Correlation and the fiscal cliff
The predictions I've seen put prospects for earnings growth at 7% to 11% in the fourth quarter of 2012, which, following a decline in earnings in the third quarter, would set up the market to move ahead in 2013. Or they foresee continued low interest rates from the Federal Reserve and the extra liquidity being pumped into the economy and market by the Fed's most recent program of quantitative easing. Or they argue that although the price-to-earnings multiple on the S&P 500 has climbed to 13.3 from 12 at the beginning of 2012, there's still room for further advances because the multiple at the peak in 2007 was 15.2.

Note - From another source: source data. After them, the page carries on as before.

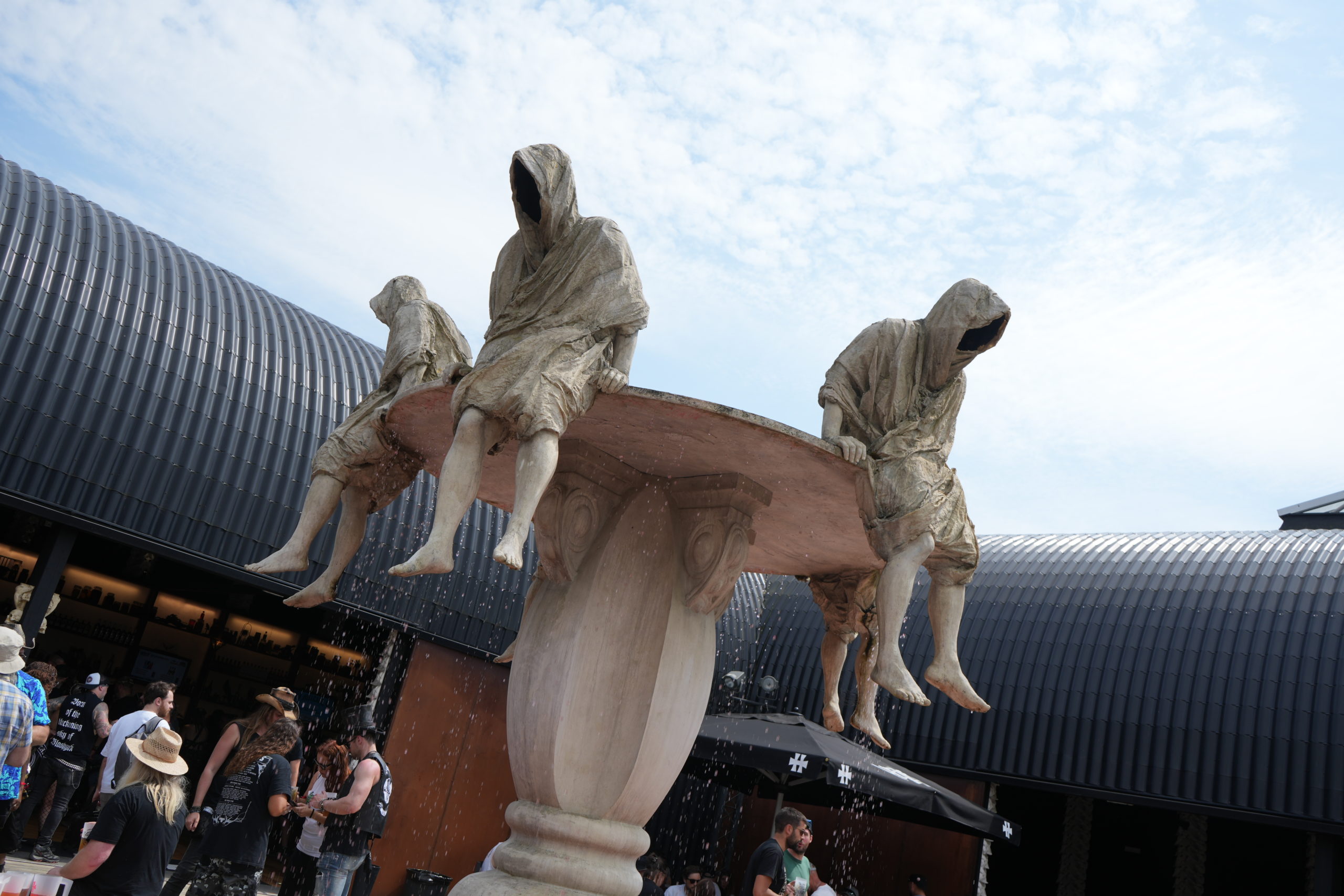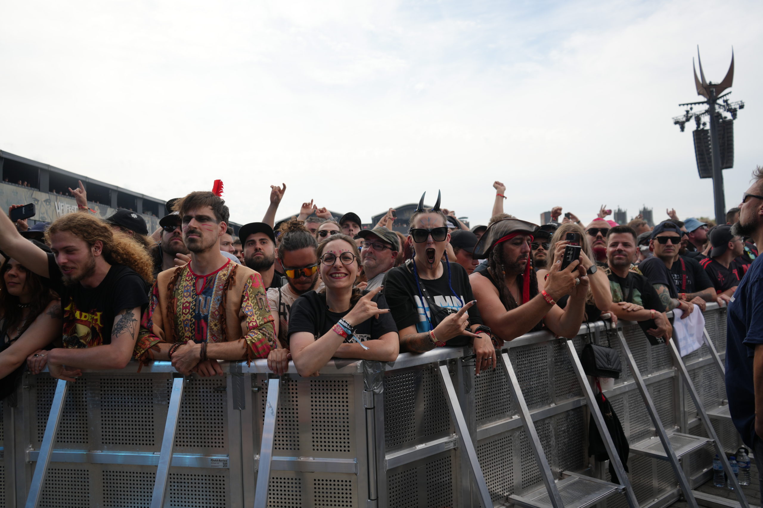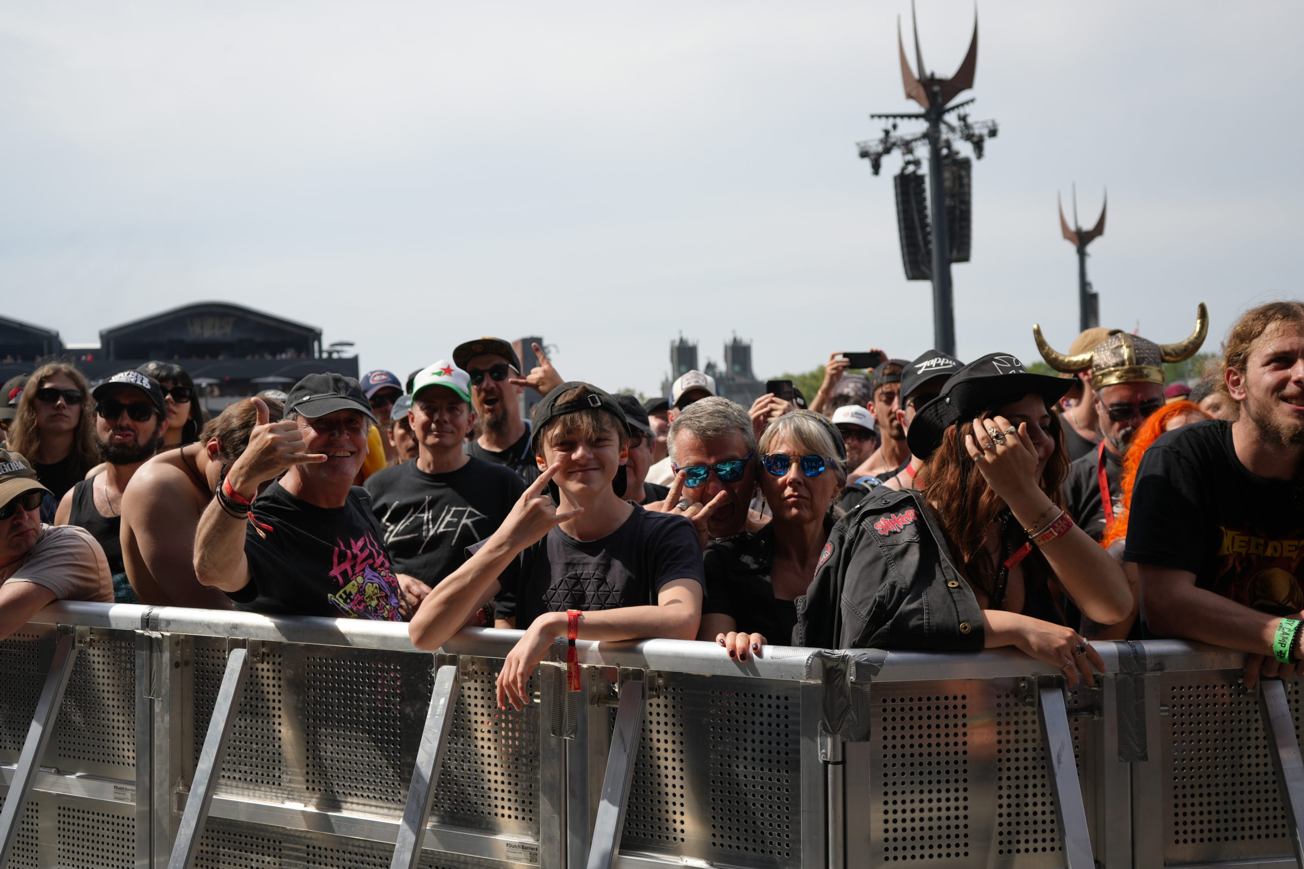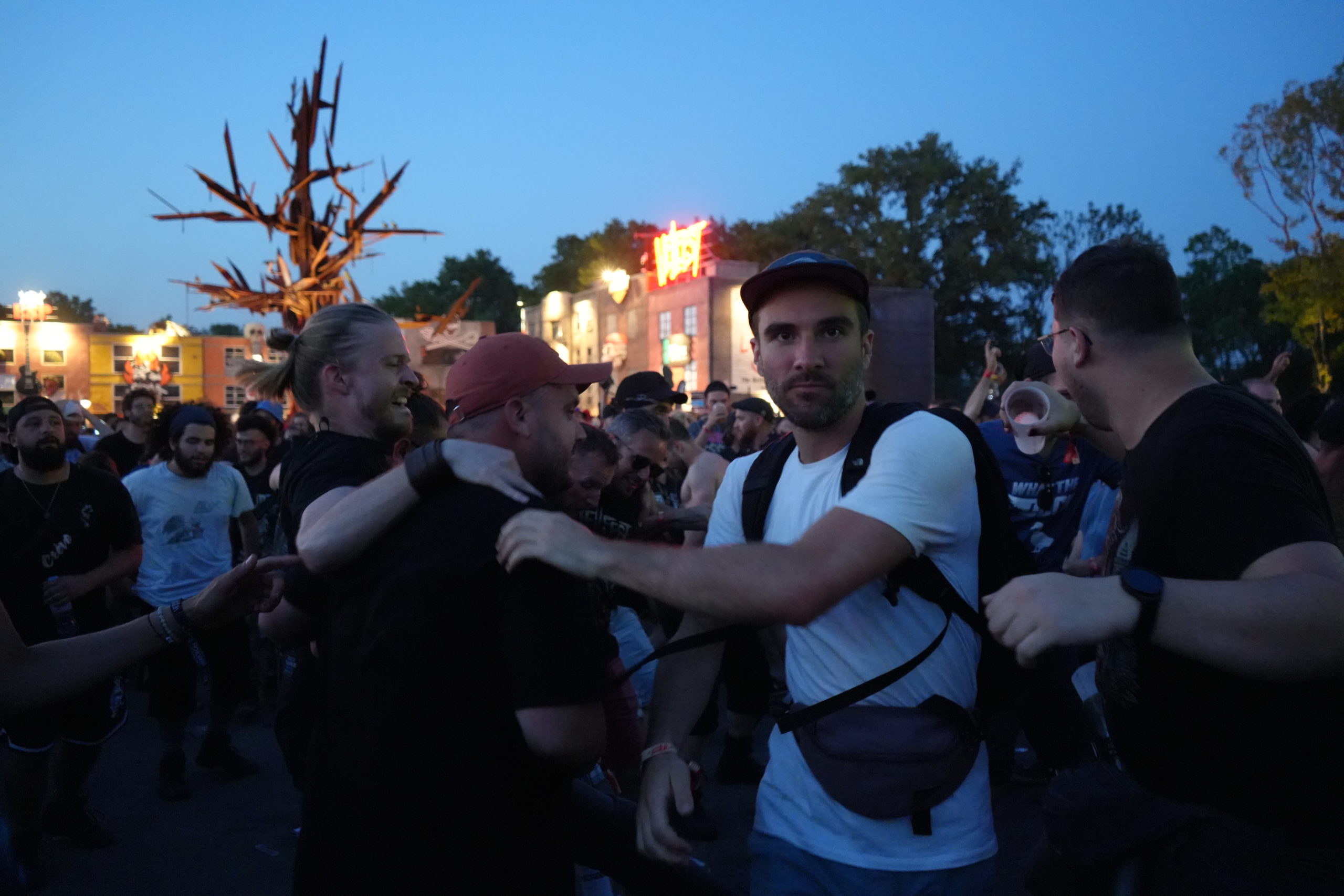 Passage obligatoire à l’espace presse — où il fait 72 degrés en température ressentie — pour saluer nos partenaires, vérifier les interviews et conférences de presse. Puis, une fois l’organisation réglée, c’est le moment de vérifier si les copains et les rendez-vous de cette année sont arrivés, de charger les cashless, du premier verre, de se jeter dans la queue du merch, de télécharger l’appli, etc… Nous sommes plusieurs de Metal Alliance sur le site, tous passionnés et ayant tous des goûts metalleux différents. Le live report promet des discussions à couteaux tirés. K-ro est une aficionada de la Warzone, mais les surprises promettent de se trouver sur toutes les scènes. Emy est une passionnée du Temple et de l’Altar. On a donc pu couvrir pas mal de choses !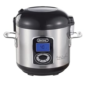 This review is from: Dr. Weil 9812 The Healthy Kitchen 5-Cup Multi-Use Rice CookerI had bought the Dr. Weil Stainless Steel rice cooker thinking it was all stainless steel including the cooking pot. I specifically did not want a teflon or non-stick cooking pot and that is exactly what this product has. I am really surpised that Dr. Weil would sell a product with a non-stick surface as this surface is known as a carcinogin and he is known as a health minded professional. I have returned this rice cooker and bought the Miracle stainless steel rice cooker with stainless steel cooking pot....This review is from: Dr. Weil 9812 The Healthy Kitchen 5-Cup Multi-Use Rice CookerThe basket that hold the rice is a fairly heavy aluminum, that has been hard anodized. While the coating looks like teflon... and due to how it makes rice, rice does not stick, it is dark grey aluminum oxide (think ruby or Sapphire). While the container is still aluminum, the coating is many times harder than any stainless would be.Not sure why, other than the color, lots of people think this has a teflon rice container.As far as cooking goes, have not used a better rice cooker, nor one easier to clean up afterwards. Nice product....This review is from: Dr. Weil 9812 The Healthy Kitchen 5-Cup Multi-Use Rice CookerIt works well initially, but then it starts boiling over and leave a huge mess, regardless of how little water we put in. It's hard to clean as well....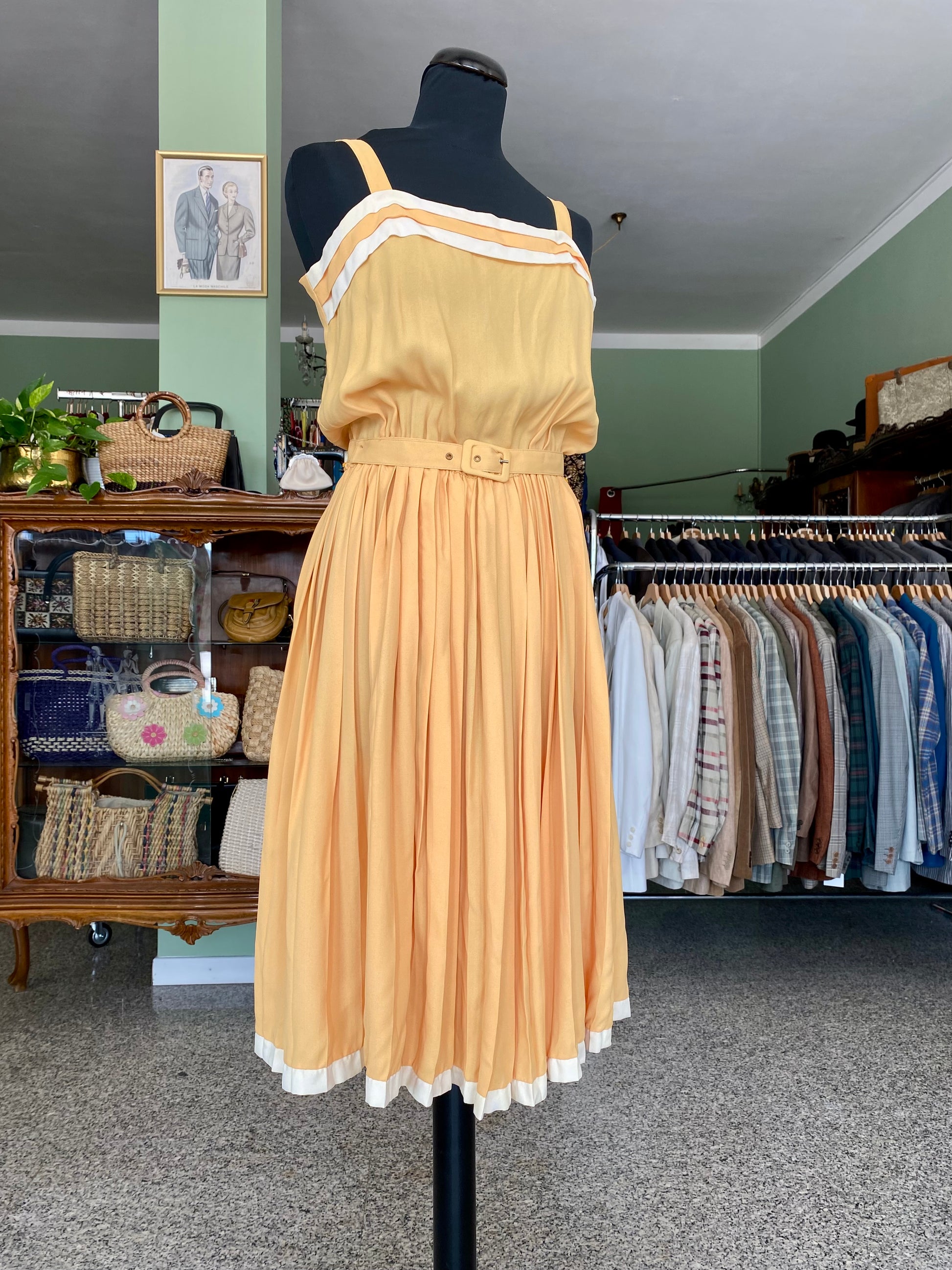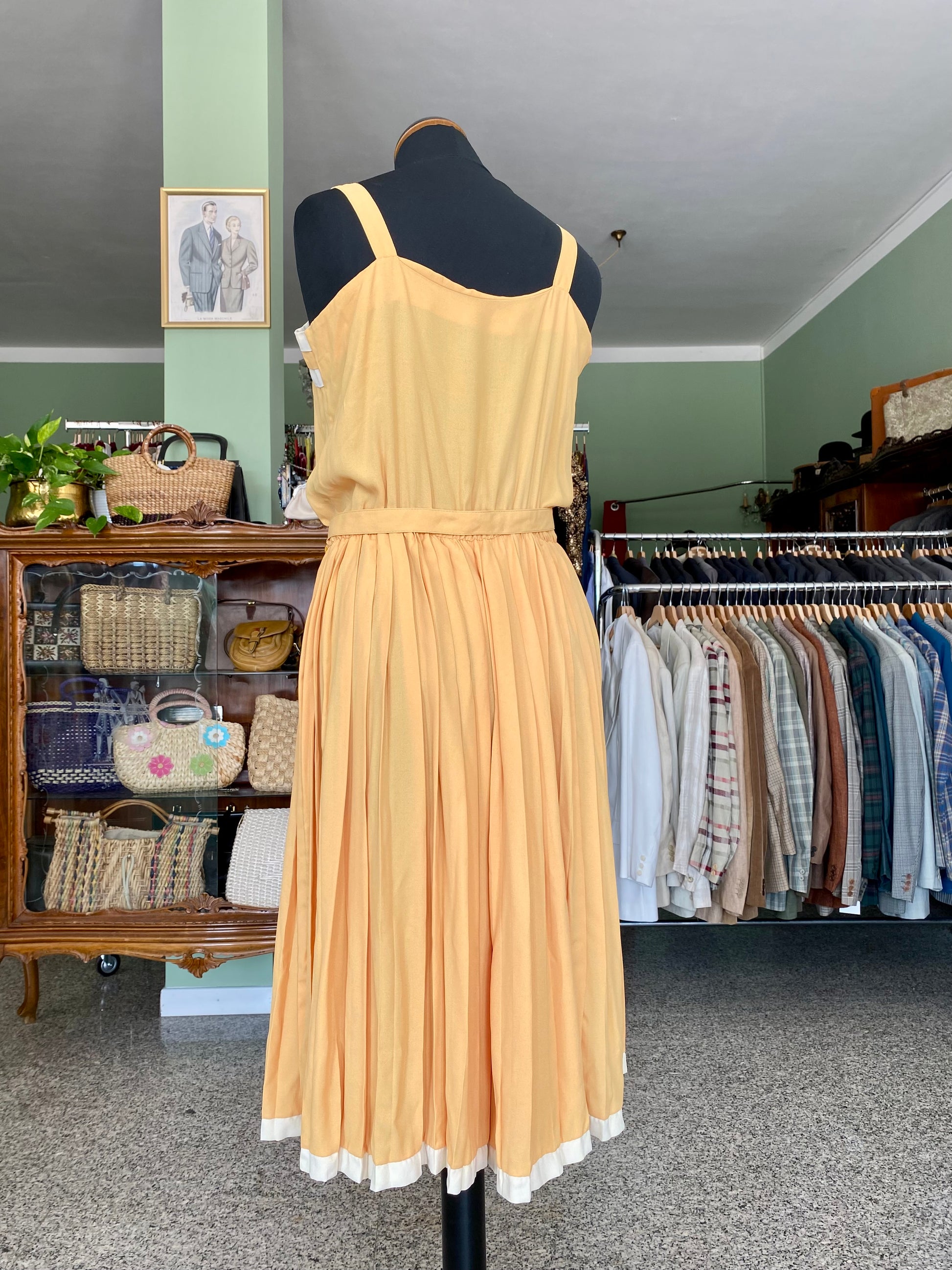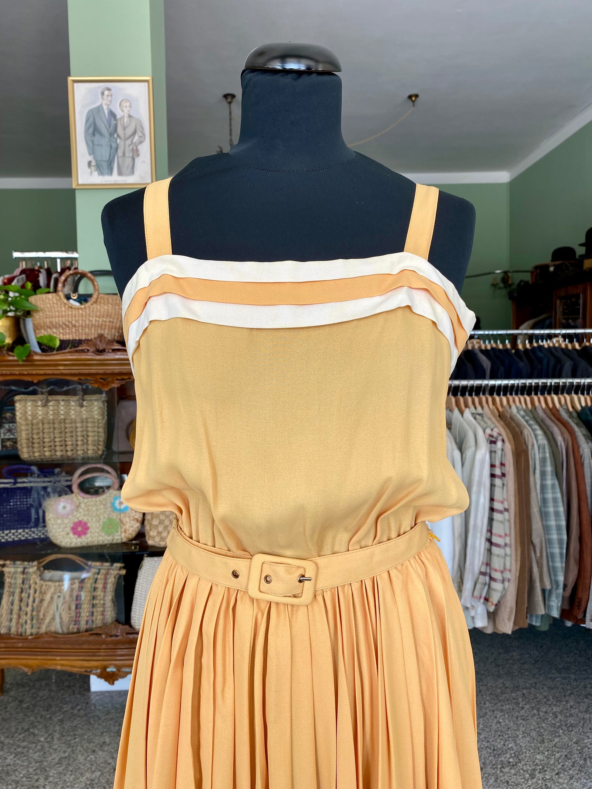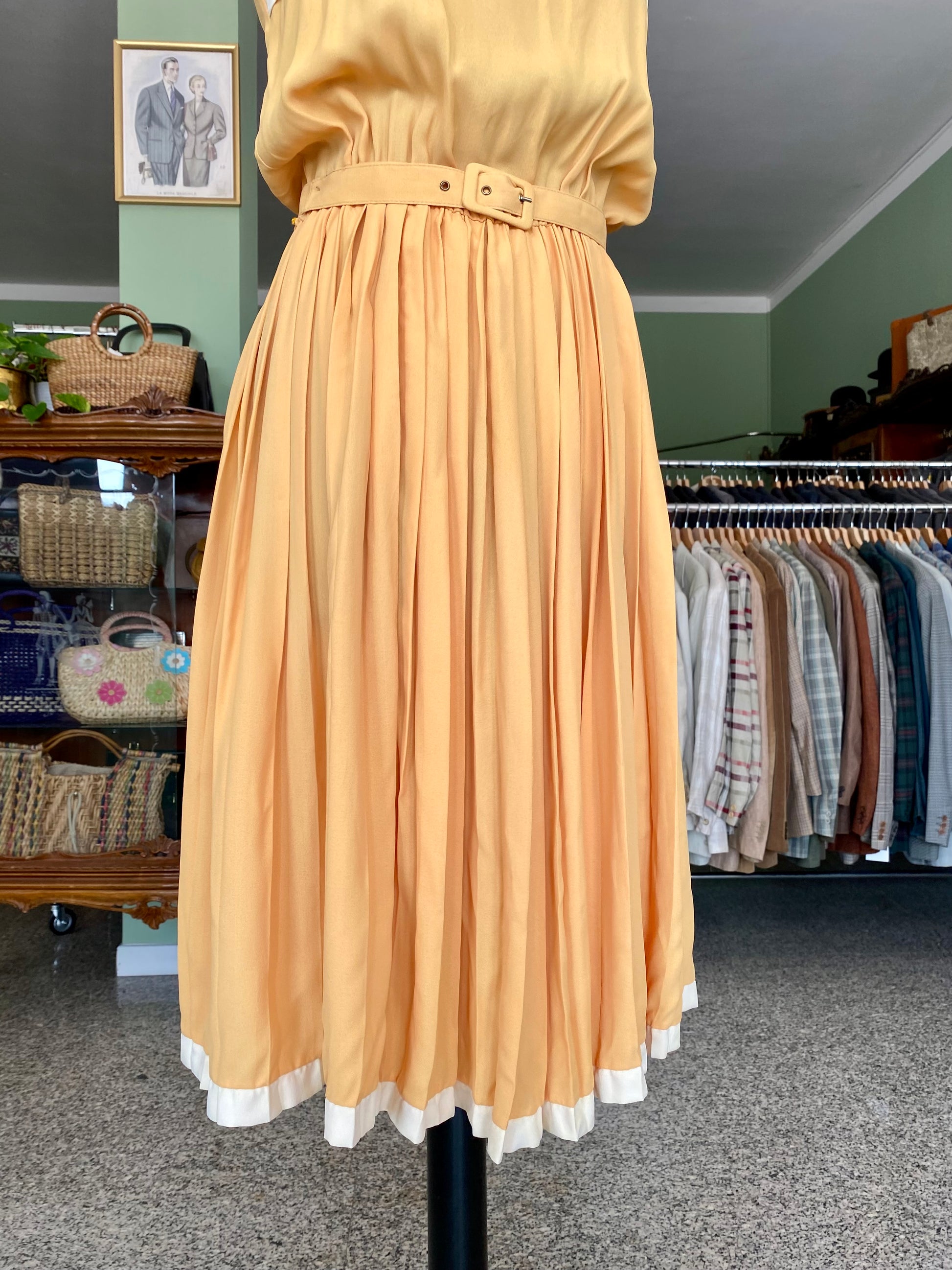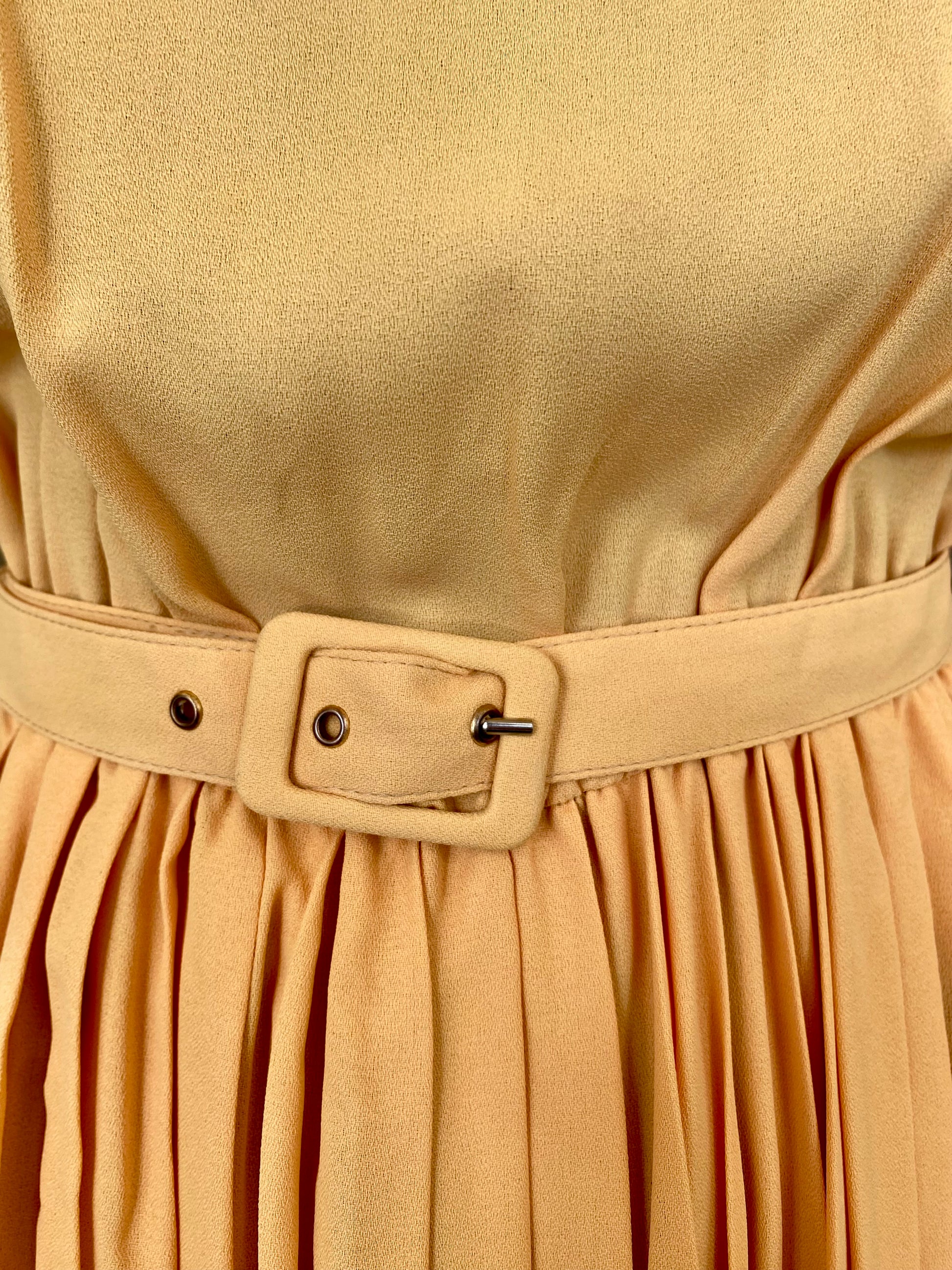 Abito estivo anni '70 in crepe fluido color miele, con eleganti dettagli panna e spalline. La silhouette è valorizzata da una cintura tono su tono incorporata, mentre la gonna plissettata dona movimento e leggerezza. Perfetto per giornate luminose, passeggiate estive o serate rétro con un tocco chic.

All those observations are true, but they've been beside the point recently. What's oddest to me about these predictions is that so few take into account the peculiar macro-driven nature of the financial markets over the past couple of years. Since basically the spring of 2010, when investors around the world started to focus on the possibility that Greece, Ireland, Portugal and others were facing default, financial markets have been dominated by big macro trends.
And that has meant that they've moved in startling lockstep -- what the market calls "correlation."
This means that the most important question for you now as you set up your portfolio for the coming year isn't whether the U.S. market might move up 9.2% by the end of 2013. It's whether this lockstep period might be coming to an end and whether, in 2013, other markets might be able to rise even when the U.S. market doesn't, or at least outperform a decent U.S. market.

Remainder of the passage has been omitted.